*INSTRUCTIONS FOR THE TASK*: Write the data below out exactly as it stands. Do not include the pictures.

*** INPUT DATA

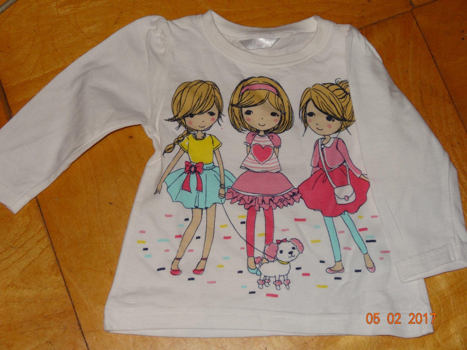 Prodám krásnou halenku s děvčaty a pejskem, je v super stavu, velikost 74, složení 100 % bavlna, značku už nevím. Cena 45 kč + poštovné.
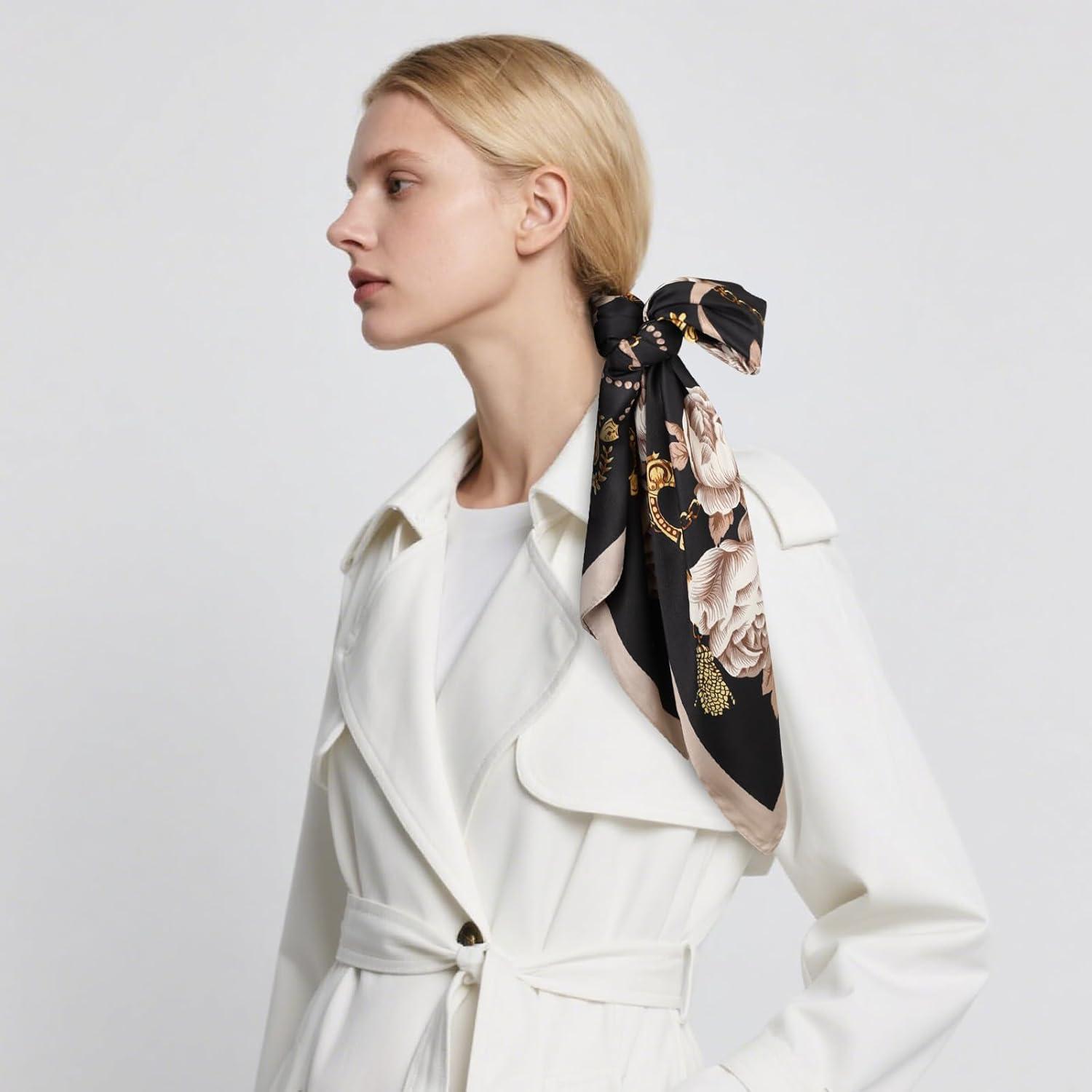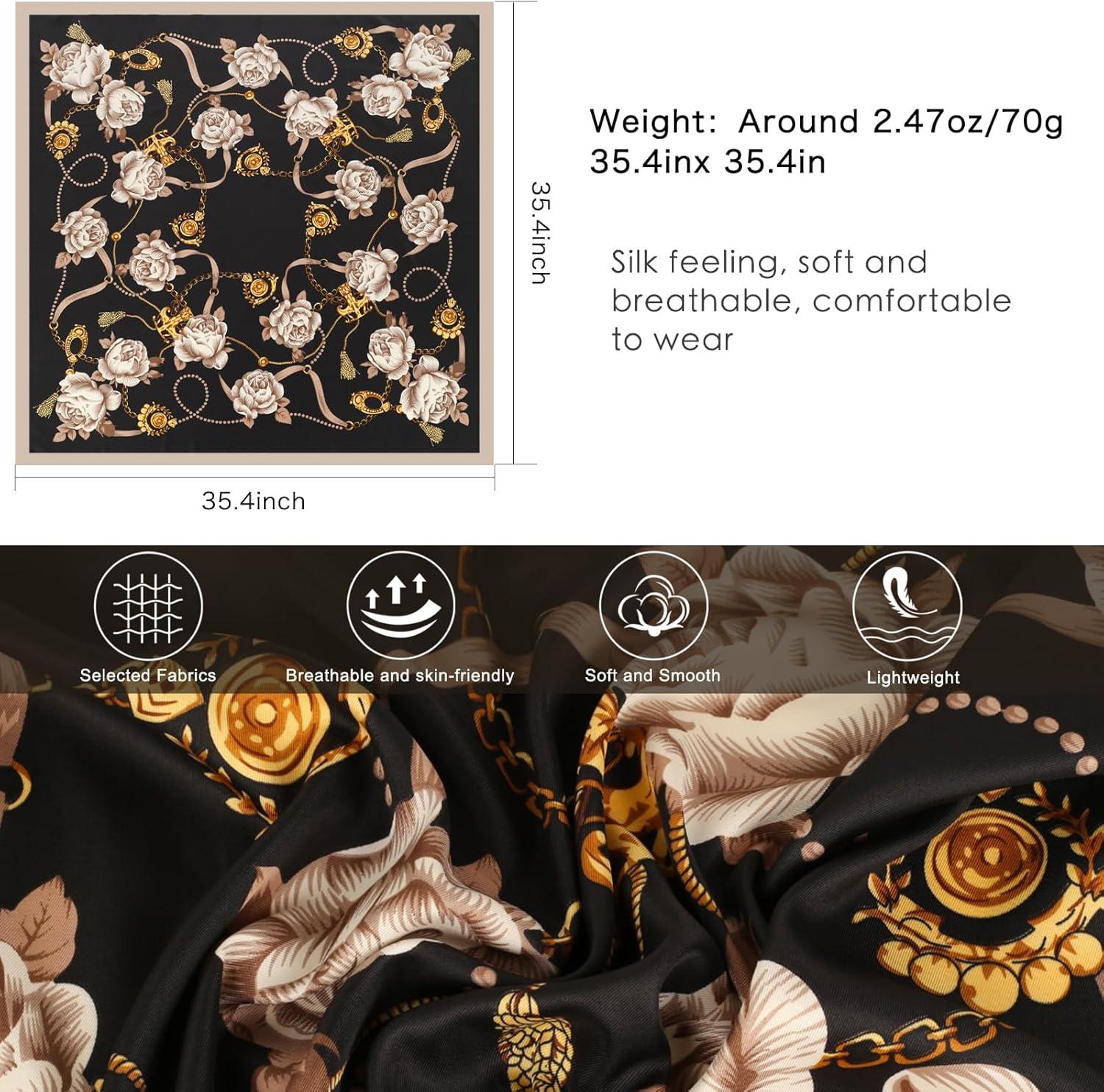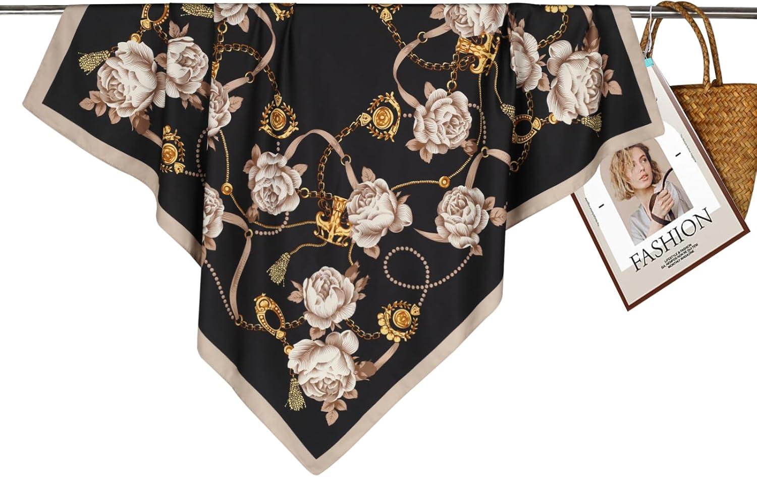 EXTREE Women's 35 inch Fashion Headscarf Silk Satin Scarf for Hair Wrapping at Night Bandana Square Scarf for Sleeping(Champagne Rose on Black Background)
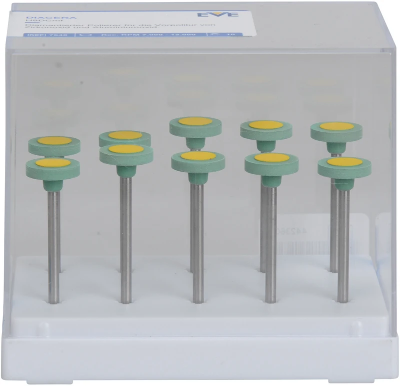 Hochleistungs-Diamantpolierer zum Glätten und Hochglanzpolieren von Keramiken, insbesondere für hochfeste Werkstoffe wie Zirkonoxid und Aluminiumoxid. Speziell für die Bearbeitung von CAD/CAM-Restaurationen.

******

*TASK SOLUTION*:
 Prodám krásnou halenku s děvčaty a pejskem, je v super stavu, velikost 74, složení 100 % bavlna, značku už nevím. Cena 45 kč + poštovné.
 EXTREE Women's 35 inch Fashion Headscarf Silk Satin Scarf for Hair Wrapping at Night Bandana Square Scarf for Sleeping(Champagne Rose on Black Background)
 Hochleistungs-Diamantpolierer zum Glätten und Hochglanzpolieren von Keramiken, insbesondere für hochfeste Werkstoffe wie Zirkonoxid und Aluminiumoxid. Speziell für die Bearbeitung von CAD/CAM-Restaurationen.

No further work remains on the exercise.